Big giants like Nike, FitBit, Apple, Google, Under Armour etc. are entering the market with IoT based wearables and intuitive mobile apps to monitor the health activities of individuals. We want to provide the solution to accurately detect the activity of an individual as sitting, sitting-down, standing, standing-up and walking from the given accelerometer data and also determine the best location for the accelerometer.
The dataset comprised of 5 classes (sitting-down, standing-up, standing, walking, and sitting) collected on 8 hours of activities of 4 healthy subjects. Each data point comprises of physical attributes of the subject, 3-axis readings from 4 accelerometer and the corresponding physical activity as the class. This data was generated by placing four accelerometer on different body parts, of four subjects, such as waist, left thigh, right arm and right ankle. The readings were taken over a time window of 150ms and represented in temporal sequence.
Since there are 5 target classes (multinomial distribution), the Naive Bayes, K - Nearest Neighbours and Random Forest classifiers were tested on the raw dataset to predict human activity. The input variables are all numeric (x, y, z axes) and selected PCA for dimensionality reduction.
The activity of an individual can be correctly predicted from the given accelerometer data with 77% accuracy. Single best accelerometer should be worn on waist. Additionally, the right arm accelerometer can be combined for better and improved analysis of change point detection of all 5 human activities.
People like to listen songs online on Spotify, Pandora, iTunes etc. and they have their playlists and favourite songs. We want to predict the release year of the particular song based on the featues of it.
The dataset is subset of million song dataset is a freely-available collection of audio features and metadata for a million contemporary popular music tracks. There are 90 attributes, 12 = timbre average, 78 = timbre covariance. The first value is the year (target), ranging from 1922 to 2011. We take the average and covariance over all 'segments', each segment being described by a 12-dimensional timbre vector.
Since the target variable is a quantitative variable, we will use Linear Regression Techniques. A baseline model is created using the intercept (average) of the responses. Linear regression with Regularization and Grid search was used to improve the performance of the model.
The performace of the model improved from Baseline Model 22.137 RMSE to Final Interaction Model with Regularization 16.525 RMSE.
Online advertisements are used for marketing to target the specific group of people. Click- Through Rate is the ratio of users who click on a specific link to the number of total users who view a page. We want to predict whether the user would click on the online advertisement song based on the attributes of the user and his web history.
The dataset is available on Kaggle and it was provided by Criteo Labs . There are 39 attributes, 13 = count features, 26 = categorial values. The first value is either 0 or 1. Whether the user has clicked on the advertisement or not.

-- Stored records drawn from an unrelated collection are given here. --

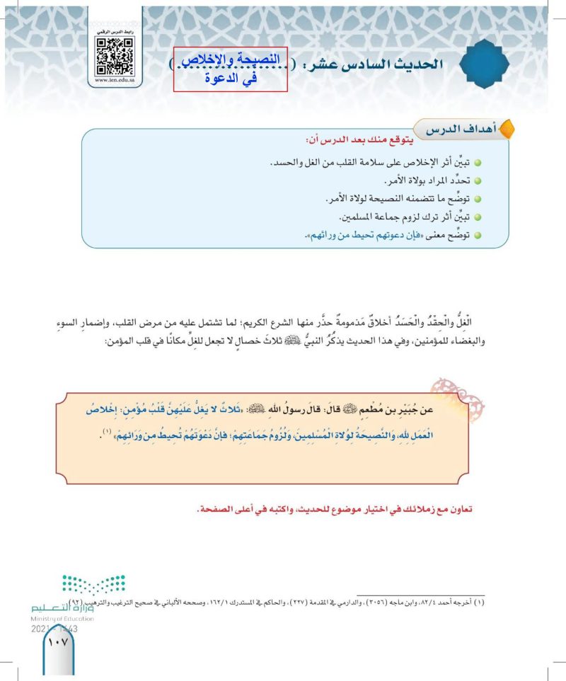 الحديث السادس
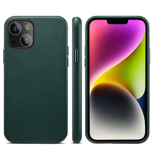 Funda para iPhone 14 Plus Cordero Grano PU Contraportada Caja del Teléfono (Verde Oscuro)
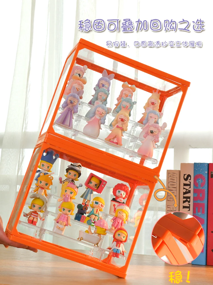 Hand-Made Storage Display Rack Glass Cover Dust-Proof Cabinet Doll with Ladder Display Box - Купить с бесплатной доставкой
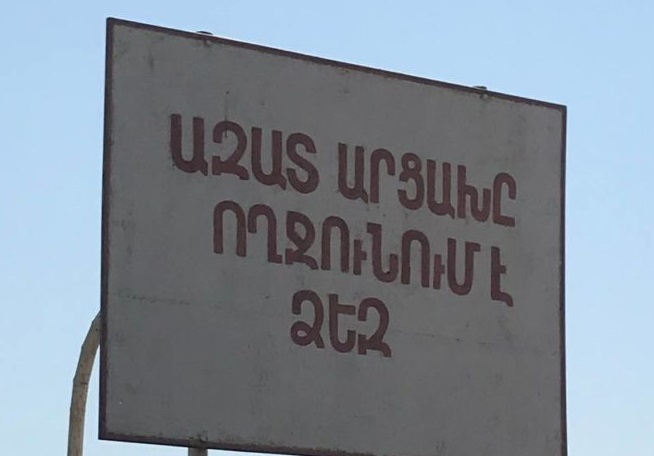 «Ազատ Արցախը ողջունում է Ձեզ»․ Ցուցանակը յուշում է՝ արդէն Արցախում ենք։ Սկսւում է անցակէտերի շարանը։ Թիւով 9 անցակէտ, որոնք անցնելուց յետոյ միայն կարող ես մտնել քո հայրենիք, քո տուն։
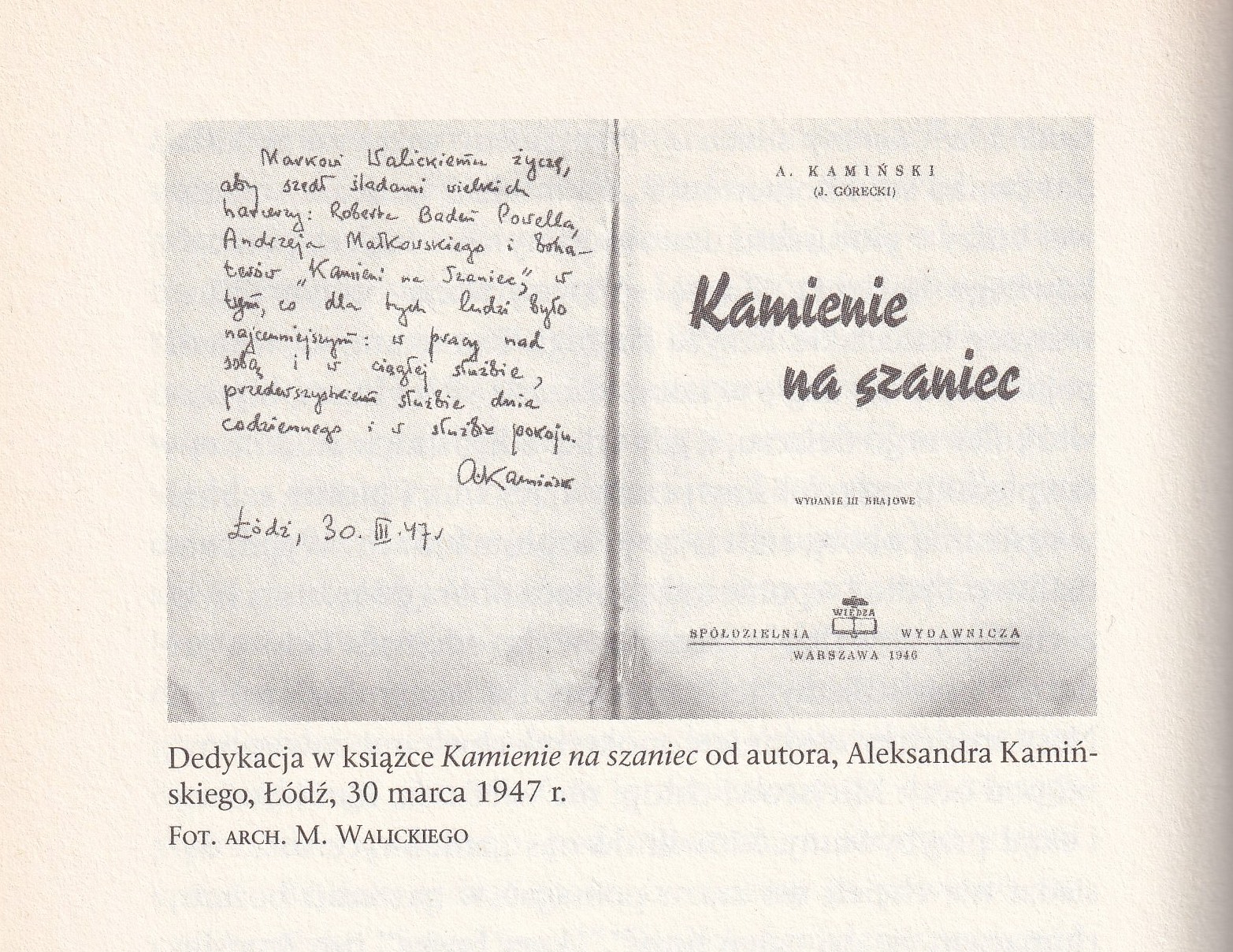Markowi Walickiemu życzę, aby szedł śladami wielkich harcerzy: Roberta Baden-Powella, Andrzeja Małkowskiego i bohaterów „Kamieni na szaniec,” w tym, co dla tych ludzi było najcenniejszym: w pracy nad sobą i w ciągłej służbie, przede wszystkim służbie dnia codziennego i w służbie pokoju. A. Kamiński, Łódź, 30 III 47 r.
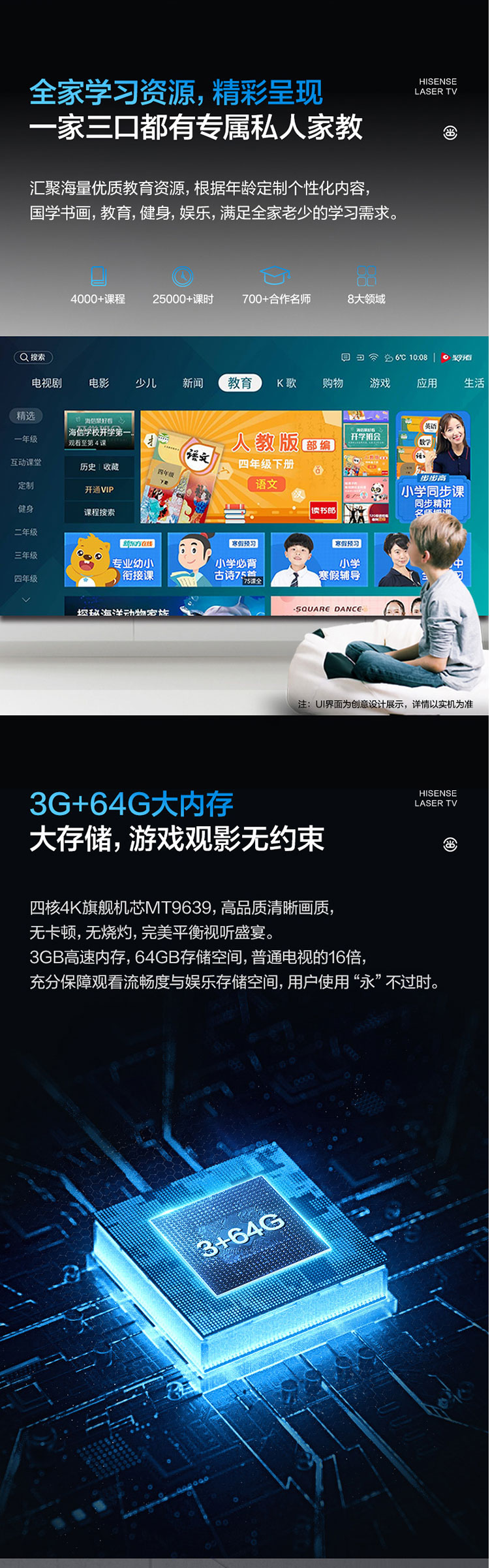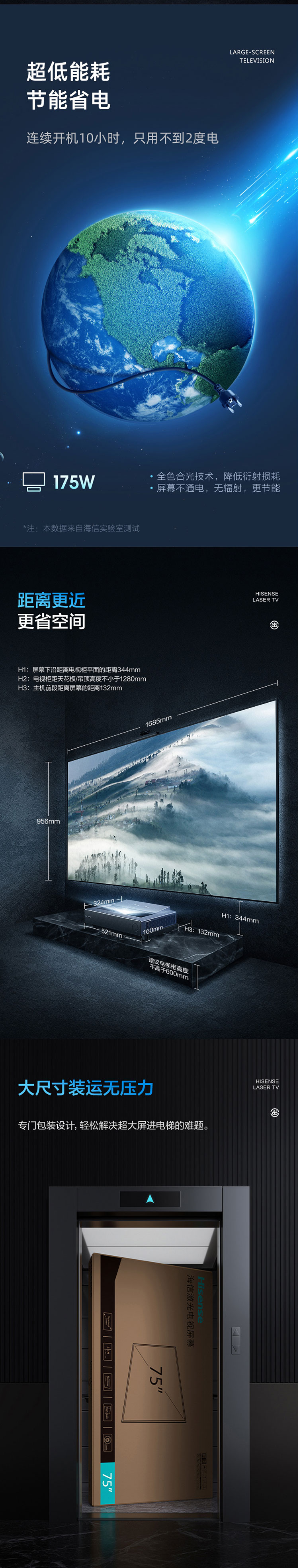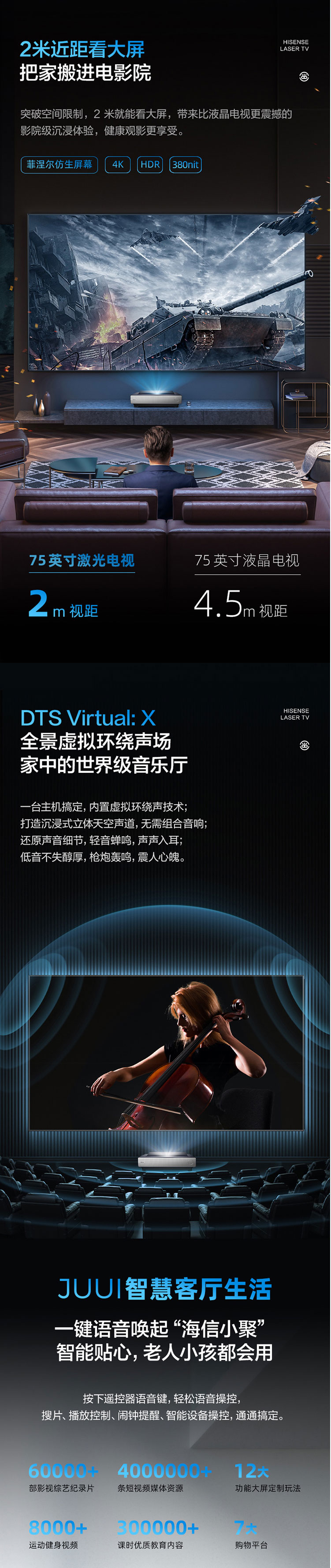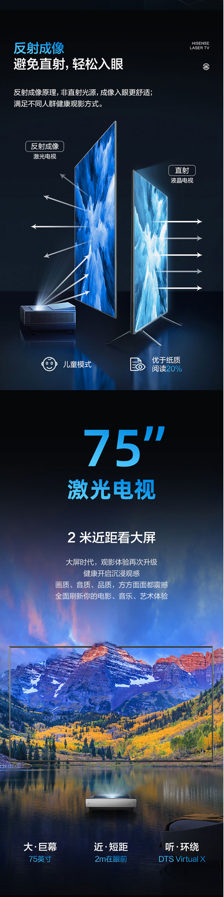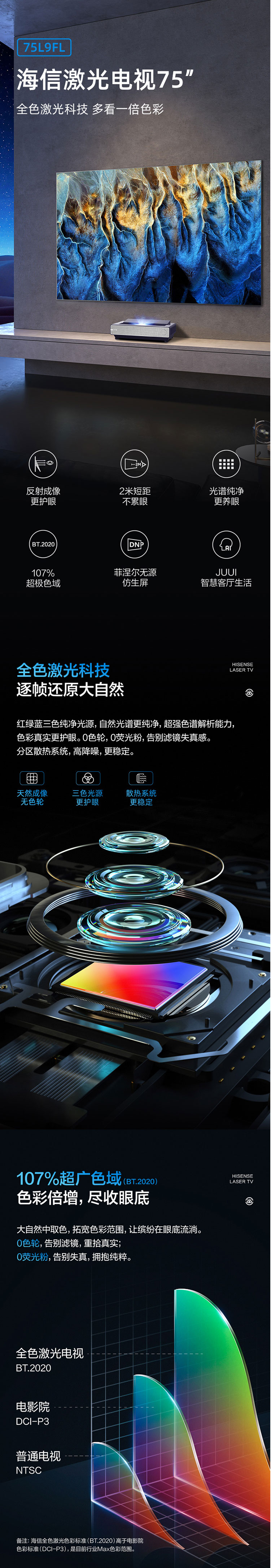 海信(912424)激光电视 75L9FL 75英寸 205%高色域 健康护眼 3D全景声 64GB 4K超高清
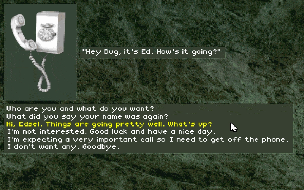 Obrazovka je rozdělená na několik částí. V pravém horním rohu je umístěno hlavní okno. Pohled je volený z očí hrdiny, což mě osobně příliš nevyhovuje, nikdy nespatříte sami sebe. O něco níže je prostor vyhrazený pro textové zprávy. Počítač vás tak informuje o veškerém dění, jako například „Zvoní telefon“, „Stojíte na okraji propasti a jsxdq.š..5…“ V pravém dolním rohu jsou přehledně znázorněny všechny předměty, které vlastníte a jejich nynější stav. Těsně vedle je portrét hlavního hrdiny. Jeho využití najdete především v komunikaci s počítačem. V levém horním rohu vidíte standardní nabídku příkazů. Jestliže vezmete do ruky nějaký předmět, tento výpis se prodlouží o příkazy určené výhradně k činnosti s danou věcí. Pod tímto menu se nalézá směrová růžice, informující o směrech cesty, které je možno použít k dalšímu putování. V posledním levém dolním rohu najdete speciální méně používané příkazy, mezi něž patří například ulož, znázorní mapu, čekej, počet bodů. atd.
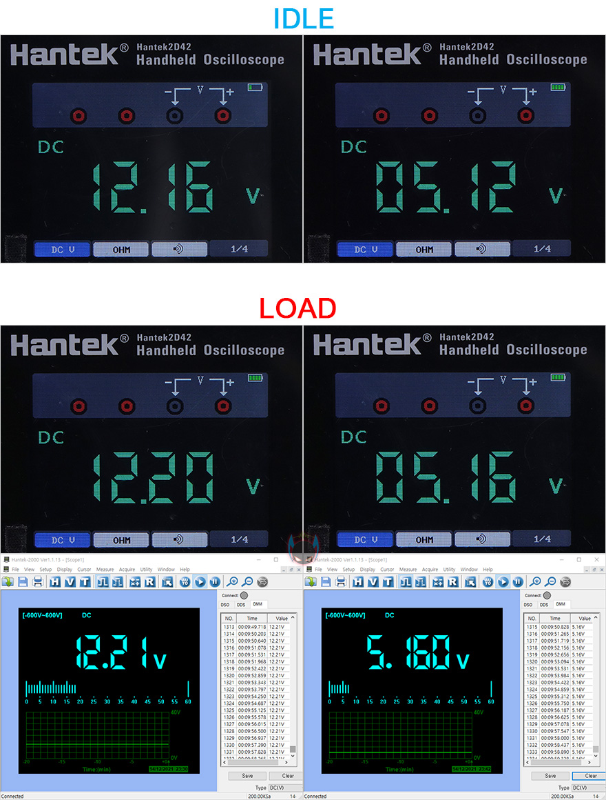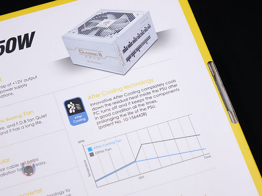 OCCT 프로그램을 통해 Idle과 Load 각 상황에서 12V와 5V 전압 움직임을 측정해본 결과, Idle에선 둘 다 0.01V 범위에서 매우 작게 움직이는 것을 확인할 수 있고, Load에서도 12V는 0.01V 범위에서, 5V는 변동없이 일명 칼전압으로 출력되는 것을 확인할 수 있었습니다. 또한, 전체 변동폭도 12V와 5V 모두 0.04~0.05V 범위에서 매우 작은 편으로 안정적인 모습을 보여줬습니다. 기존의 블랙색상 제품에서도 보여줬던 안정적인 전압출력을 그대로 유지하고 있다할 수 있죠. 그리고, 마이크로닉스 파워서플라이 제품들은 PC 사용 후, 전원을 껐을 때 파워서플라이 잔열배출을 위한 쿨링기능으로 애프터쿨링 기능을 갖추고 있는데, 화이트 제품에서도 그 기능을 확인할 수 있습니다.
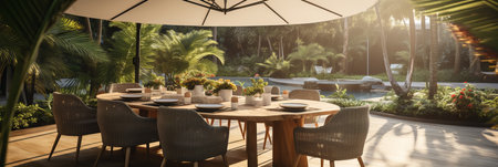 Outdoor patio in the garden with table and chairs, panorama
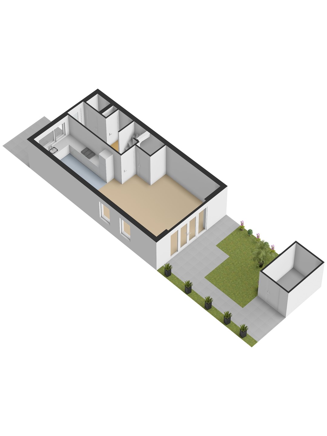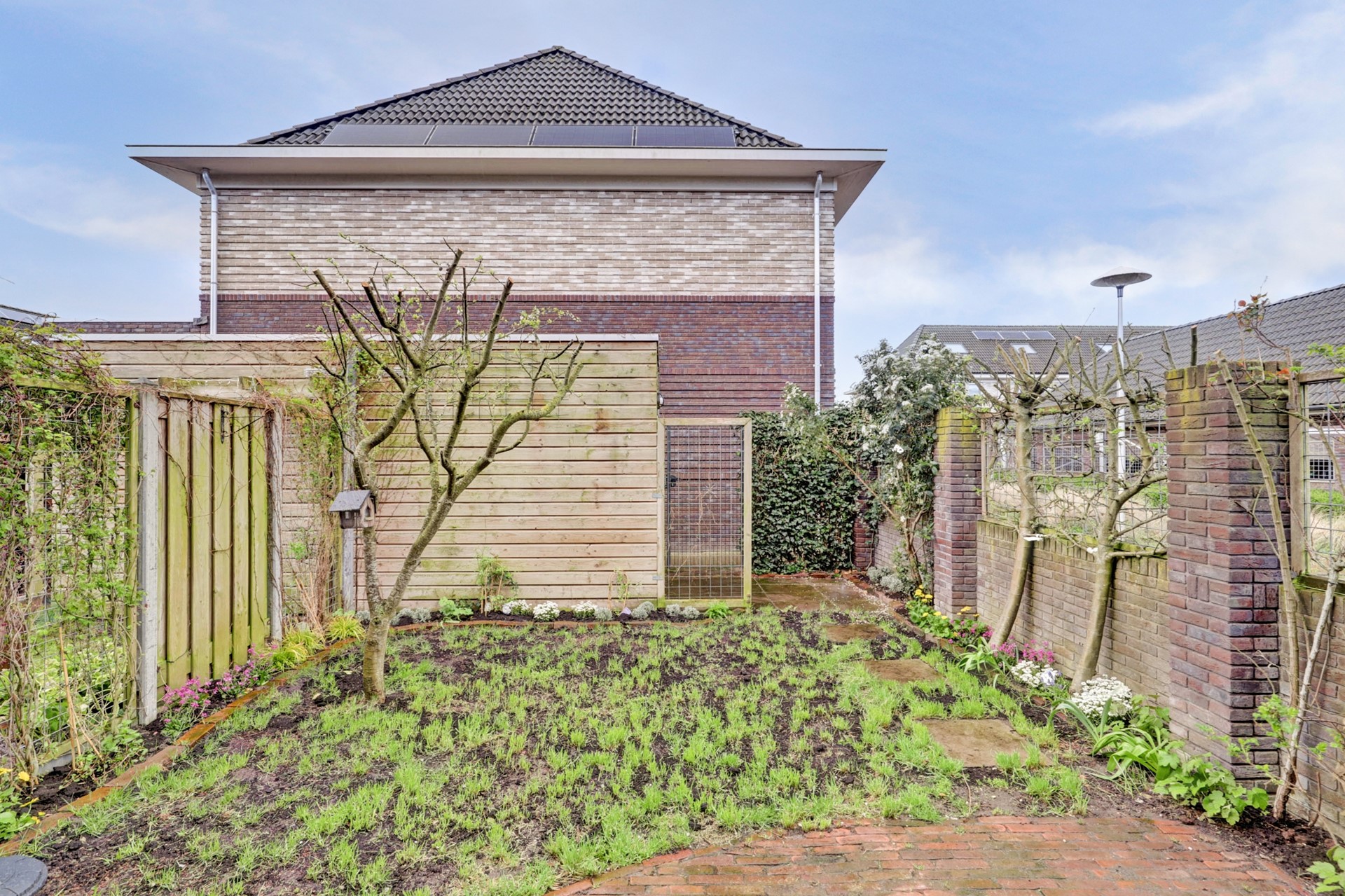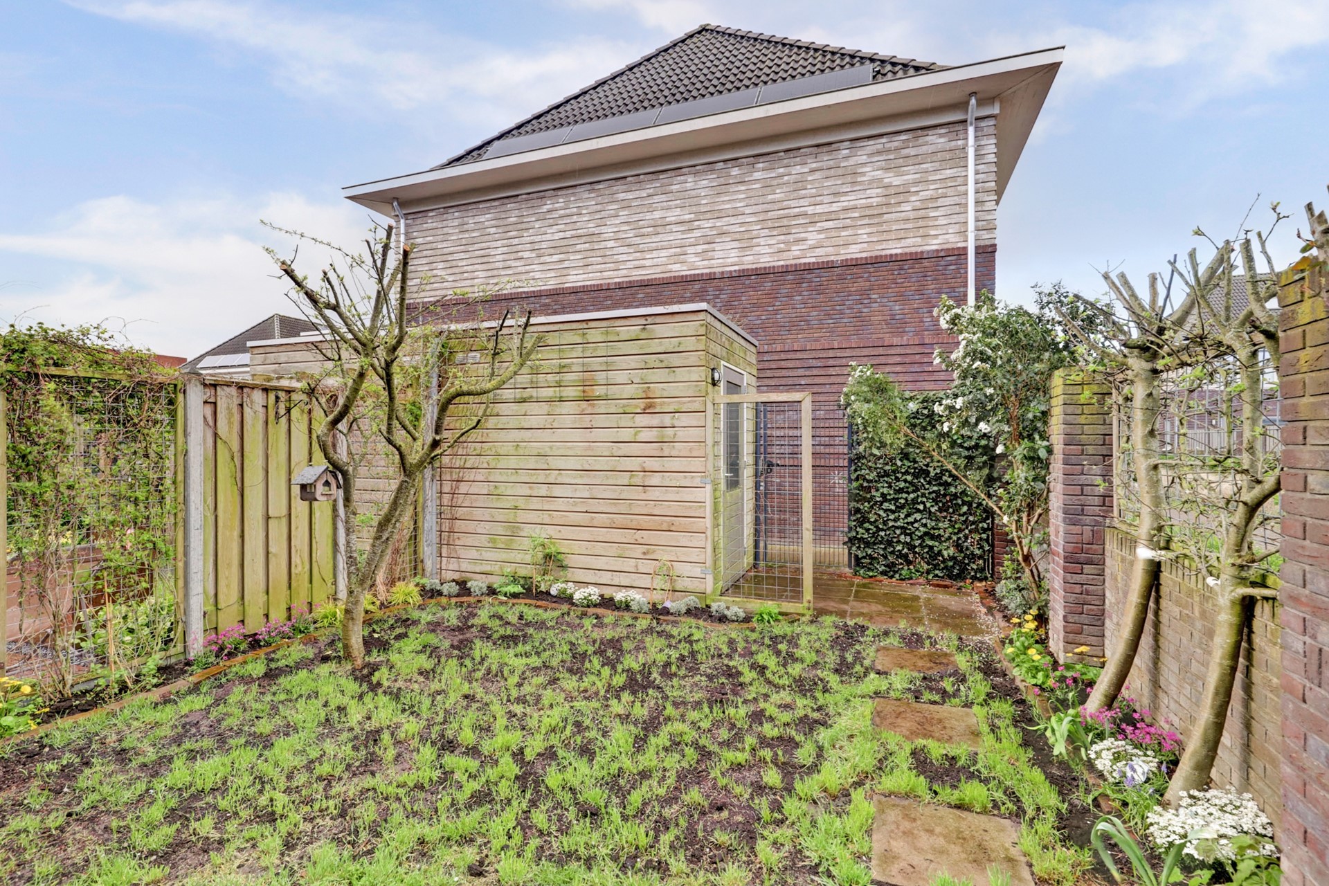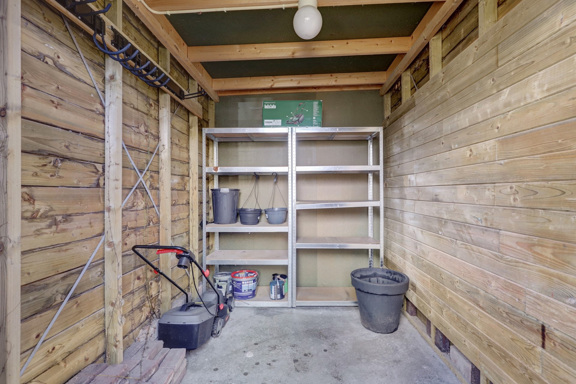 De achtertuin ligt op het zuidwesten en is speels aangelegd met borders. Je hebt hier voldoende privacy en kunt heerlijk van de zon genieten. Via de achterom is de tuin ook gemakkelijk bereikbaar. Daarnaast is er een vrijstaande berging aanwezig, je wilt die loungeset en bbq toch ergens kwijt.

Since the target variable is a qualitative variable, we will use Classification Techniques. A baseline model is created using the intercept (average) of the responses. Since there are many categorical features, One Hot Encoding and Feature Hashing was used to decrease the sparsity. Logistic regression with Hyperparameter Grid search was used to improve the performance of the model.
The performace of the model improved from Baseline Model 0.542 Log Loass to Final Logistic Regression Model 0.459 Log Loss.
Natural Language Processing (NLP) was used for extraction of keywords for the online dashboard. BeautifulSoup libray was used to web scrape U.S. Patent Application website . Keywords were extracted from the plain text using noise removal, scrubbing, stemming, normalization and word tagging of keywords. Author Name and Application Data were also extracted and processed to create HTML Pages.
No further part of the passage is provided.